## Work instruction
As the answer, set down the lines below from the one containing "毕业生代表、湖南省优秀学生党" through the one containing "Waffle belga con", exactly and inclusively, and no others.

## Task input
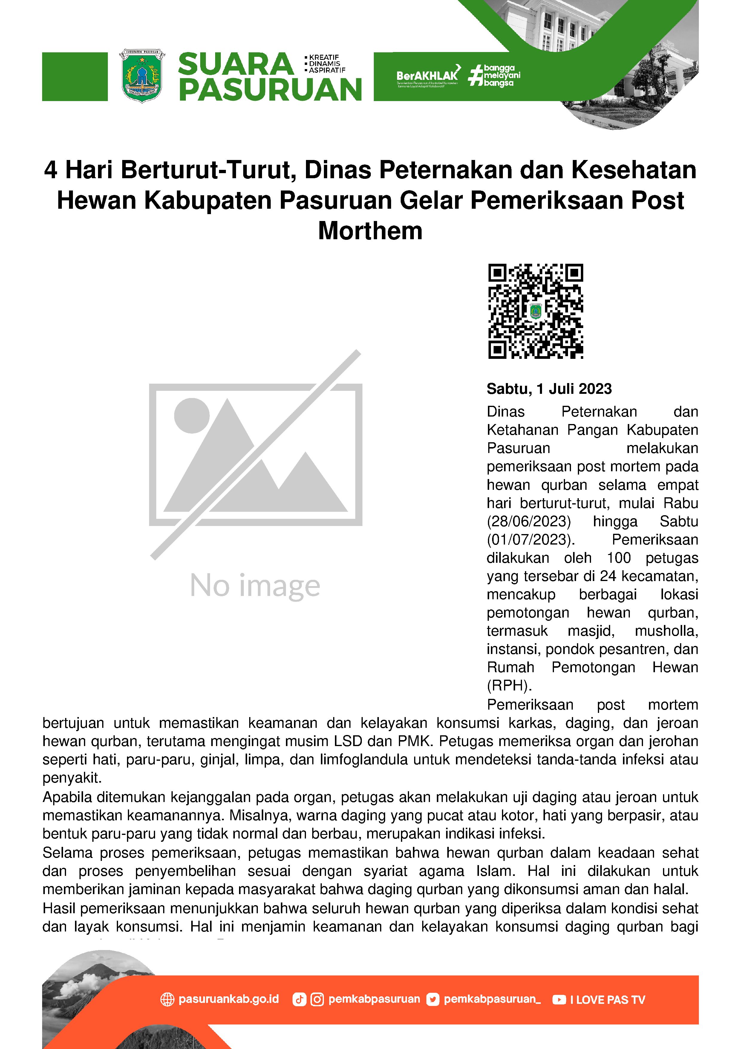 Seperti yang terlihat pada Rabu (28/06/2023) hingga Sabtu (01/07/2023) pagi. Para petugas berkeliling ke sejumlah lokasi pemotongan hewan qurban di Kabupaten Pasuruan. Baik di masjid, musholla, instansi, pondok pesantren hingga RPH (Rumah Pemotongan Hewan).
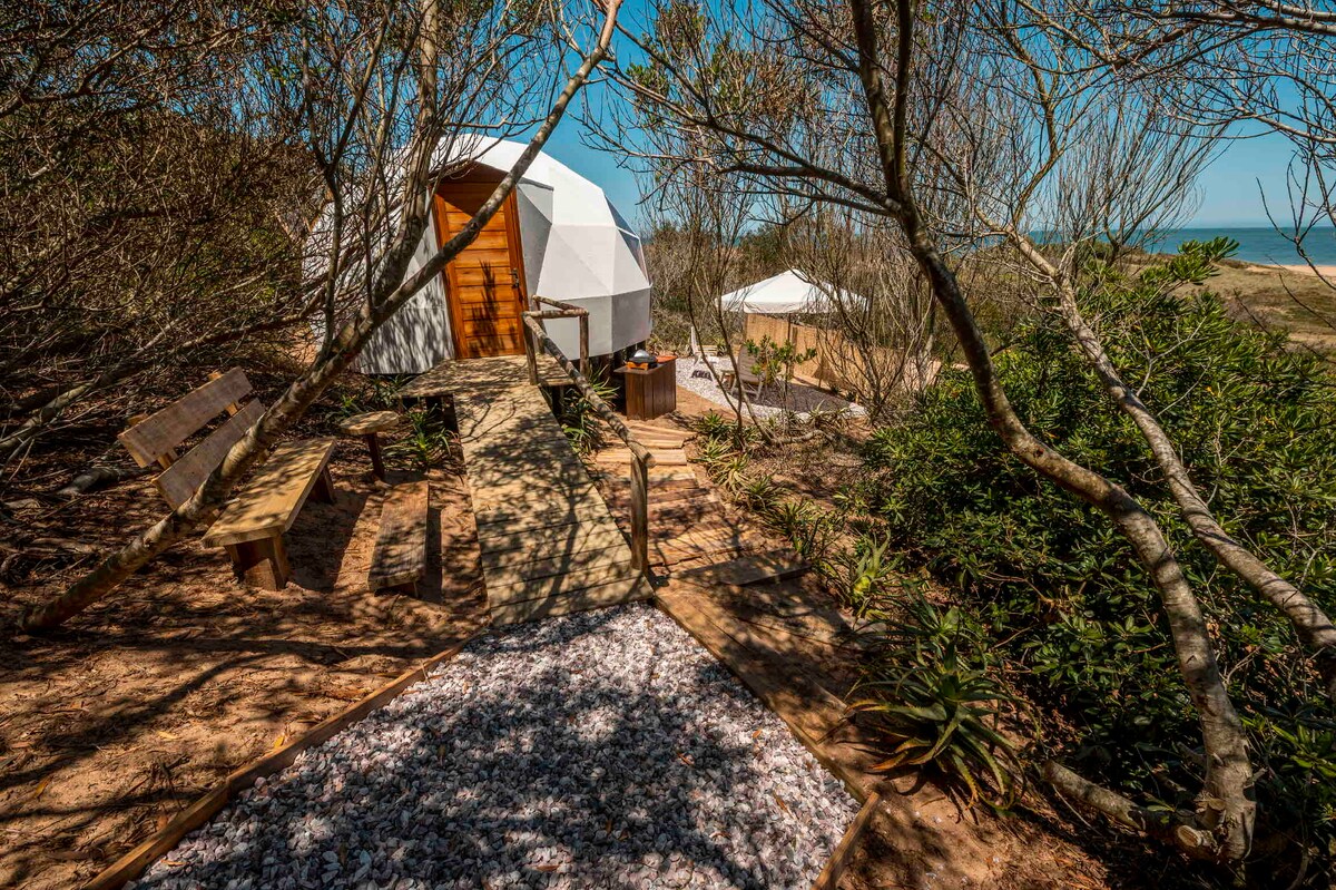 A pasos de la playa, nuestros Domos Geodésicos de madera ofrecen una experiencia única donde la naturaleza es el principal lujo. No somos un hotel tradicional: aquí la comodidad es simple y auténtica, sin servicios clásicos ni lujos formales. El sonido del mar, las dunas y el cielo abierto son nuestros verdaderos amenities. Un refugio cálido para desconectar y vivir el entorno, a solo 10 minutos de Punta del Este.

--

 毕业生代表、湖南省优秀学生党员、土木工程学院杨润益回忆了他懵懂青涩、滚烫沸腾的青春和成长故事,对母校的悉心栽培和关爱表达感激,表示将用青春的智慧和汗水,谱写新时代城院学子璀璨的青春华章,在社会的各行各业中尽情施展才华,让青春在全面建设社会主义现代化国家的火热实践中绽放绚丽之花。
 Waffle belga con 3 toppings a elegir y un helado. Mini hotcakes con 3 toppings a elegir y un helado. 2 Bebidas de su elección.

* * *

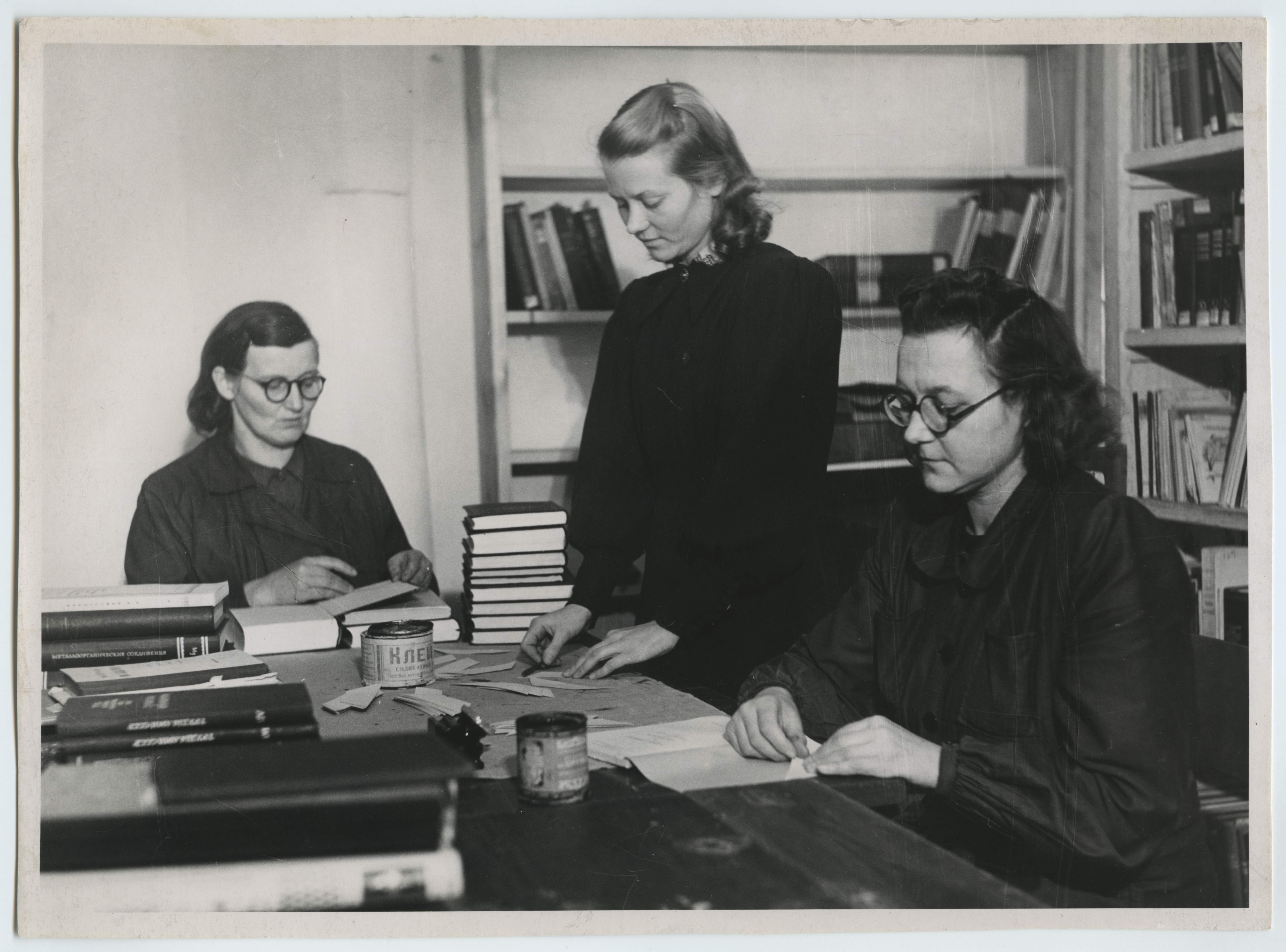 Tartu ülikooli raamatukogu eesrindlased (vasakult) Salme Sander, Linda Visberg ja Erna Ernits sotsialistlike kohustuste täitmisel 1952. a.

## Written reply
 毕业生代表、湖南省优秀学生党员、土木工程学院杨润益回忆了他懵懂青涩、滚烫沸腾的青春和成长故事,对母校的悉心栽培和关爱表达感激,表示将用青春的智慧和汗水,谱写新时代城院学子璀璨的青春华章,在社会的各行各业中尽情施展才华,让青春在全面建设社会主义现代化国家的火热实践中绽放绚丽之花。
 Waffle belga con 3 toppings a elegir y un helado. Mini hotcakes con 3 toppings a elegir y un helado. 2 Bebidas de su elección.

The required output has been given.